Он укоризненно смотрит на меня. Если бы я в конторе не заявил, будто мы не знаем, кто такая Лиза, все легко уладилось бы. Но разве можно было предвидеть, что Ризенфельд попадется на романтическую де ла Тур? А теперь вносить ясность в этот вопрос уже поздно. Романтикам чужд юмор.
– Вы не танцуете? – спрашивает меня акробатка.
– Плохо. У меня нет чувства ритма.
– У меня тоже. Давайте все-таки попробуем?
Мы втискиваемся в сплошную массу танцующих, и она медленно несет нас вперед.
– Ночной клуб, трое мужчин и ни одной женщины – почему это? – удивляется Герда.
– А почему бы и нет? Мой друг Георг уверяет, что если приводишь женщину в ночной клуб, то тем самым толкаешь ее на то, чтобы наставить ему рога.
– Кто это, ваш друг Георг? Тот вон, с толстым носом?
– Нет, лысый. Он сторонник гаремной системы и считает, что женщин выставлять напоказ не следует.
– Ну конечно… а вы?
– У меня никакой системы нет. Я как мякина, которую несет ветер.
– Не наступайте мне на ноги, – замечает Герда. – Никакая вы не мякина. В вас, по крайней мере, семьдесят кило.

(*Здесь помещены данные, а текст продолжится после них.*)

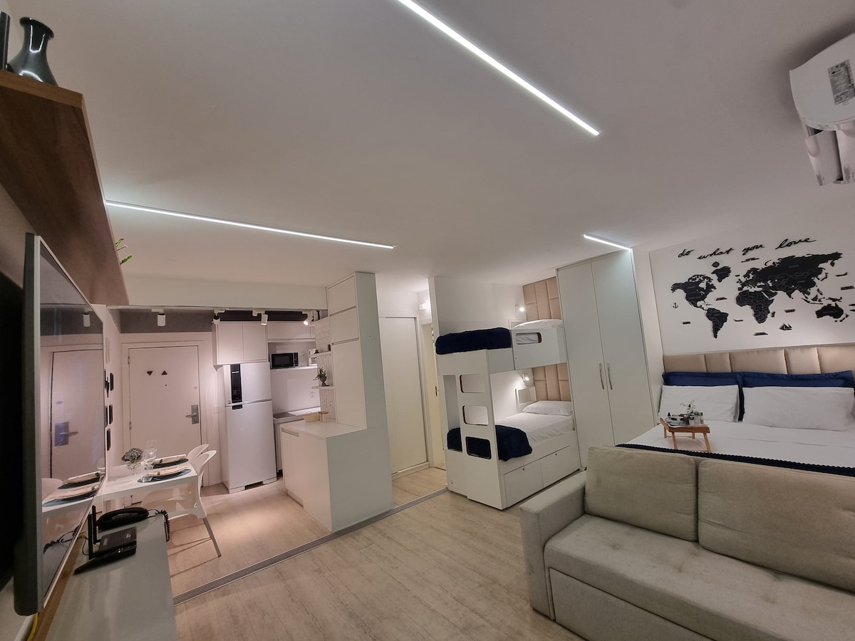 This flat with a lake scenery is ready to make your stay in the capital unforgettable! Situated just 5 minutes from "Esplanada", the apartment offers the perfect balance between centrality and the tranquility of nature by the lake. Additionally, our resort features a range of amenities: two beautiful infinity pools, a jacuzzi, sauna, gym, three coworking spaces, a 24-hour convenience store, 24-hour laundry, and an elegant pier by the lake with a view of the JK Bridge.

Я приосаниваюсь. Нас как раз проталкивают мимо столика Эрны, и сейчас она, слава Богу, меня узнала, хотя ее голова лежит на плече спекулянта с перстнем и он вцепился в ее талию. Какое тут, к дьяволу, соблюдение синкоп! Я улыбаюсь, глядя вниз на Герду, и крепче прижимаю ее к себе. При этом наблюдаю за Эрной.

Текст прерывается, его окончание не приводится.